The work the server is doing might be to generate a specific part of the content on the page, and we might have a lot ready that we can already give the client to work with. If you have scripts & stylesheets in the <head/> of your page, you can send the first chunk with the 'head' tag html content to the user's machine, then the browser will have something to work with, meaning it will start downloading the scripts and resources it needs and during this time, and your servers can continue crunching numbers to generate the content to be displayed.
You are actually gaining parallelism by sending the client this first chunk without waiting for the rest of the page to be ready!
Taking this further, you can split the page into several chunks. In practice, you can send one chunk with the 'head' of the page. The browser can then start downloading scripts and stylesheets, while your server is processing lets say the categories from your db to display in your header menu/navigation. Then you can send this as a chunk to the browser so it will have something to start rendering on the screen, and your server can continue processing the rest of the page.

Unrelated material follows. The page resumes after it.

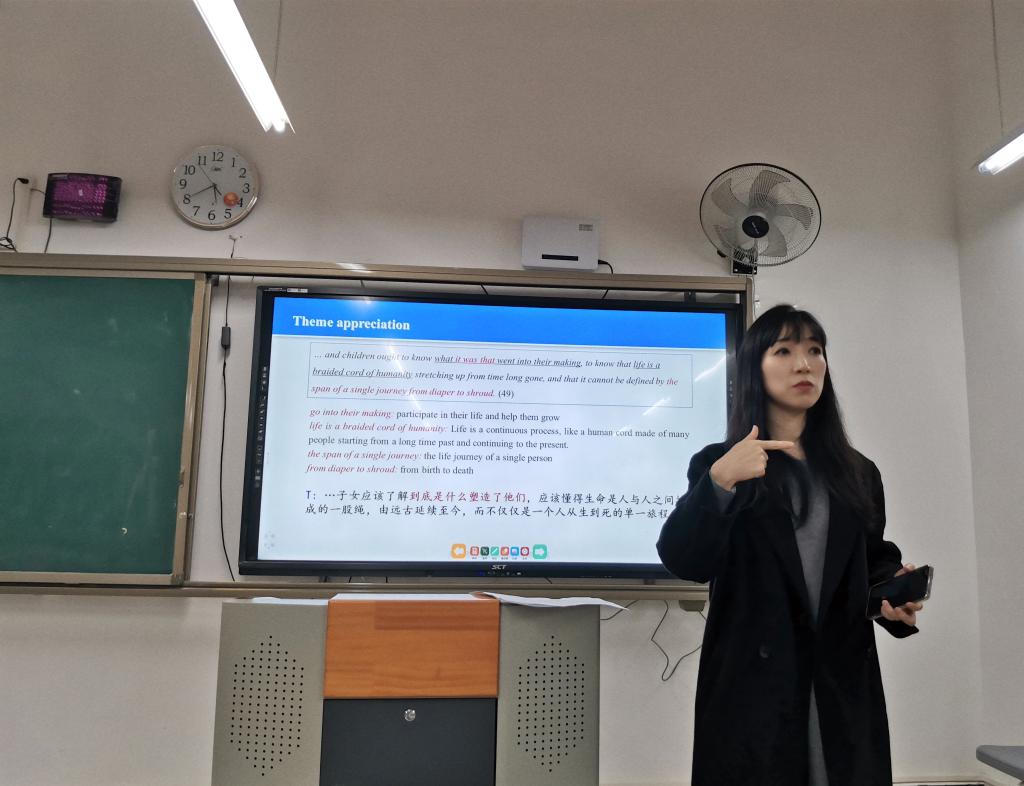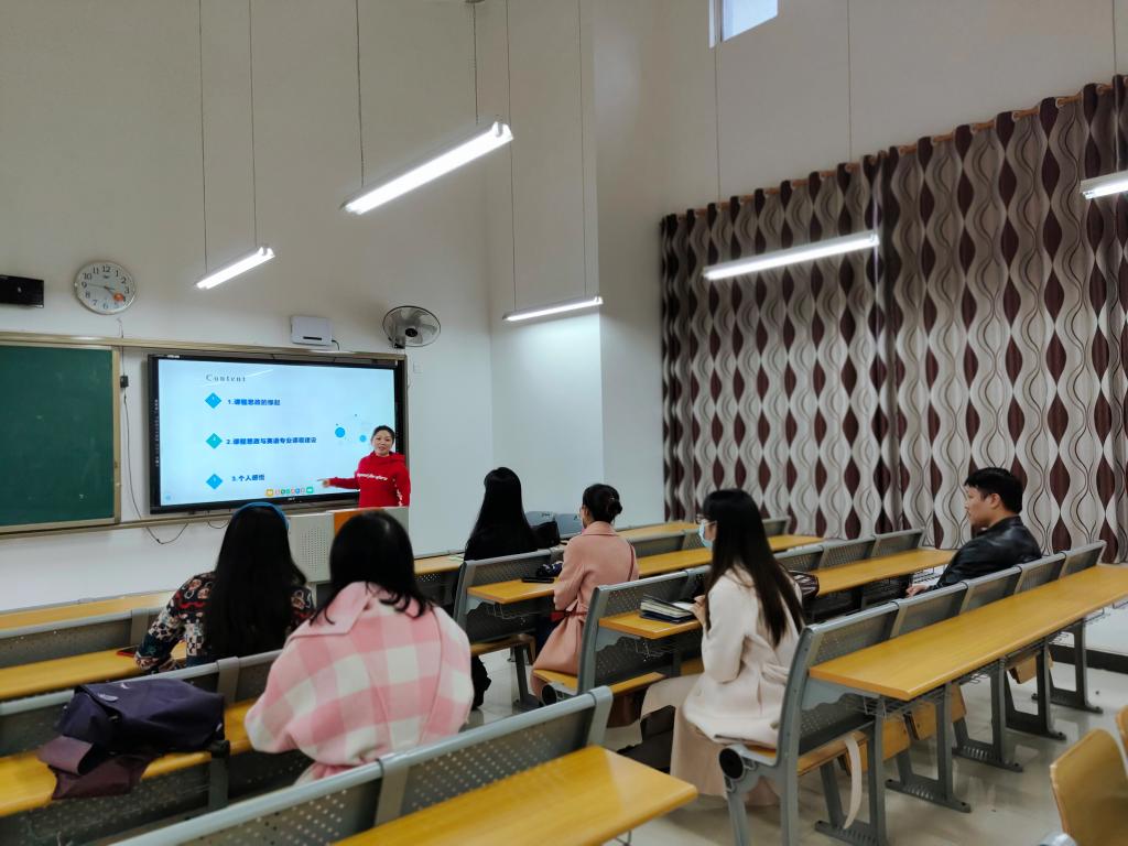 魏铃老师分别从“高校为什么要开展课程思政”和“英语专业课程为什么要融入思政元素”两方面分享了此次培训的“所学、所悟”。她指出,作为一名英语专业教师,在传授专业知识的同时,还要让学生自觉坚定文化自信,坚持中华文化的主体性,坚守中国文化的话语权。因而,在专业课教学内容整合、教学话动设计等方面要狠下功夫,充分挖掘思政元素,努力实现教师与学生的同频共振。

Even if the user only sees part of the content, and it isn't enough to work with, the user still gets a 'sense' of better performance - something we call 'perceived performance' which has almost the same impact.
Many big sites are doing this, since this will most definitely improve the client side performance of your site. Even if it's only by a few milliseconds, in the ecommerce world we know that time is money!
How does this work ?
Since the response is chunked, you cannot send the 'Content-Length' response header because you don't necessarily know how long the response will be. Usually you won't know how big the response will be, and even if you do, the browser doesn't care at this point.

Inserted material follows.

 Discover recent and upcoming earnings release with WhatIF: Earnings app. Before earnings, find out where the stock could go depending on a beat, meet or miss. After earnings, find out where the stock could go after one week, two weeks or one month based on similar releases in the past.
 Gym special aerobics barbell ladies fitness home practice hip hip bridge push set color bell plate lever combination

So, to notify the browser about the chunked response, you need to omit the 'Content-Length' header, and add the header 'Transfer-Encoding: chunked'. Giving this information to the browser, the browser will now expect to receive the chunks in a very specific format.

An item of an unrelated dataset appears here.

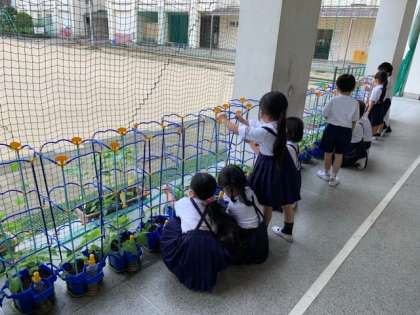 給食室前がアサガオランドになりました。(^O^)/ 次はつぼみができて、いよいよ開花ですね(^O^)

At the beginning of each chunk you need to add the length of the current chunk in hexadecimal format, followed by '\r\n' and then the chunk itself, followed by another '\r\n'.
FireBug and Chrome dev tools both combine the chunks for you, so you won't be able to see them as they are really received by the browser. In order to see this properly you will need to use a more low level tool like Fiddler.
This is how the raw response of amazon.com looks like using fiddler :
Note : I marked the required 'Transfer-Encoding: chunked' header, and the first line with the size of the chunk. In this case the first chunk is 0xd7c bytes long, which in human-readable format is 3452 bytes.
Also, it's interesting to note that you cannot really read the first chunk since it's encoded via gzip (which is also automatically decoded when using browser dev tools). When using fiddler, you can see the message at the top telling you this, and you can click it and have it decoded, but then the chunks are removed and you'll see the whole html output.
How can we achieve this with asp.net ?
When you want to flush the content of your site, all you need to do in the middle of a view is call 'HttpContext.Current.Response.Flush()'.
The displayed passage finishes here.